Logan's Run (very briefly, but yep, she was there...)


----------



## Neenahboy (Apr 8, 2004)

*Best Original Score:* _Up_, Michael Giacchino

_Up_'s doing quite well tonight...great to see. :up:


----------



## gossamer88 (Jul 27, 2005)

Why do they keep cutting to Clooney?!


----------



## nyny523 (Oct 31, 2003)

What is the purple button about?

And the blue ribbon?


----------



## terpfan1980 (Jan 28, 2002)

gossamer88 said:


> Why do they keep cutting to Clooney?!


To make up for when he loses a little later tonite


----------



## nyny523 (Oct 31, 2003)

These guys are pretty nice visual effects


----------



## gossamer88 (Jul 27, 2005)

If Avatar doesn't win Visual Effects I don't know who will.


----------



## omnibus (Sep 25, 2001)

Modern dance interpretation of non-musical movie original scores. Can't argue with the winner "UP" by James Horner.


----------



## Neenahboy (Apr 8, 2004)

*Best Visual Effects:* _Avatar_

This supplants Best Supporting Actor as the "no s**t" category of the evening.


----------



## LoadStar (Jul 24, 2001)

The Academy Awards show won't earn any sound editing awards, that's for sure... they have had bad feedback off and on all night.


----------



## YCantAngieRead (Nov 5, 2003)

nyny523 said:


> What is the purple button about?
> 
> And the blue ribbon?


That isn't the Hugo Boss thing, is it?
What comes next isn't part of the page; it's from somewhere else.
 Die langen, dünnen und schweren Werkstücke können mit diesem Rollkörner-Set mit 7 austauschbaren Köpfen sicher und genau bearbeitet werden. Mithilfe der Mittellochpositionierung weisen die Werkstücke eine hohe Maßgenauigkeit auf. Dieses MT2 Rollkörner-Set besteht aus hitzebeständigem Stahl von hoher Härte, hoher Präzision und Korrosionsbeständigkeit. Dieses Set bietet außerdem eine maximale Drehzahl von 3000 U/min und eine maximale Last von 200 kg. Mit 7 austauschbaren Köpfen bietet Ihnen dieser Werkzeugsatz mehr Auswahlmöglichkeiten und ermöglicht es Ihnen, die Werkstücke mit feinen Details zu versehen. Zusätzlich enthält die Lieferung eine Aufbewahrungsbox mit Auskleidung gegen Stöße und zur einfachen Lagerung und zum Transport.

That's the only button I've heard about-but I'm certain there are others en vogue.


----------



## FireMen2003 (Apr 1, 2004)

Logorama is pretty decent.


----------



## Steeler Mike (May 5, 2005)

YCantAngieRead said:


> She really wasn't a "movie" star.


She was in some big screen movies, not good ones, but she was. They included a guy who was in "public relations" & they included Michael Jackson. She was a huge star & that was clearly a glaring ommission.

I guess being blackballed continues on post-humorously. (sp?)


----------



## YCantAngieRead (Nov 5, 2003)

I missed Michael Jackson being there. Yeah, if he was included, she probably should have been, too.


----------



## Graymalkin (Mar 20, 2001)

I think "The Wiz" was a much bigger hit than "Saturn 9."


----------



## gossamer88 (Jul 27, 2005)

Graymalkin said:


> I think "The Wiz" was a much bigger hit than "Saturn 9."
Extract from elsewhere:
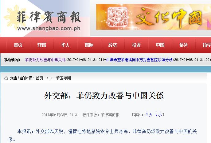 [環(huán)球網(wǎng)報道 記者 張驁]《菲律賓商報》4月8日報道稱,菲外交部7日表示,盡管總統(tǒng)杜特爾特“命令士兵奪島”,菲律賓仍然致力改善與中國的關系。

But not bigger than Logan's Run


----------



## Steeler Mike (May 5, 2005)

Graymalkin said:


> I think "The Wiz" was a much bigger hit than "Saturn 9."


OK, let disect the career of everyone they showed. Please! She should have been on there!


----------



## Langree (Apr 29, 2004)

Ok, the Modern Family spot was funny!


----------



## YCantAngieRead (Nov 5, 2003)

Langree said:


> Ok, the Modern Family spot was funny!


Yeah, that was really funny.


----------



## Neenahboy (Apr 8, 2004)

*Best Documentary Feature:* _The Cove_


----------



## nyny523 (Oct 31, 2003)

I knew the Cove would win!


----------



## YCantAngieRead (Nov 5, 2003)

Who knew Fisher Stevens was a documentary guy?


----------



## Neenahboy (Apr 8, 2004)

Anyone want to take one for the team and text DOLPHIN to 44144?


----------



## nyny523 (Oct 31, 2003)

Neenahboy said:


> Anyone want to take one for the team and text DOLPHIN to 44144?


No.


----------



## nyny523 (Oct 31, 2003)

Let's take bets on how many minutes over this will go...


----------



## Neenahboy (Apr 8, 2004)

*Best Film Editing:* _The Hurt Locker_

Another one I thought would be in the bag for _Avatar_...wow.


----------



## Graymalkin (Mar 20, 2001)

Perhaps the Academy is still old-fashioned and prefers editing actual film over playing on computers?


----------



## Langree (Apr 29, 2004)

Keanu Reeves - the cure for insomnia.


----------



## nyny523 (Oct 31, 2003)

Langree said:


> Keanu Reeves - the cure for insomnia.




Yeah - one of the most overrated actors in Hollywood...


----------



## Graymalkin (Mar 20, 2001)

Neenahboy said:


> Anyone want to take one for the team and text DOLPHIN to 44144?


I bet it's a rickroll.


----------



## Neenahboy (Apr 8, 2004)

Graymalkin said:


> I bet it's a rickroll.


Haven't gotten anything back yet.


----------



## YCantAngieRead (Nov 5, 2003)

What is this 44144 thing you're talking about? I must have missed it.


----------



## Neenahboy (Apr 8, 2004)

YCantAngieRead said:


> What is this 44144 thing you're talking about? I must have missed it.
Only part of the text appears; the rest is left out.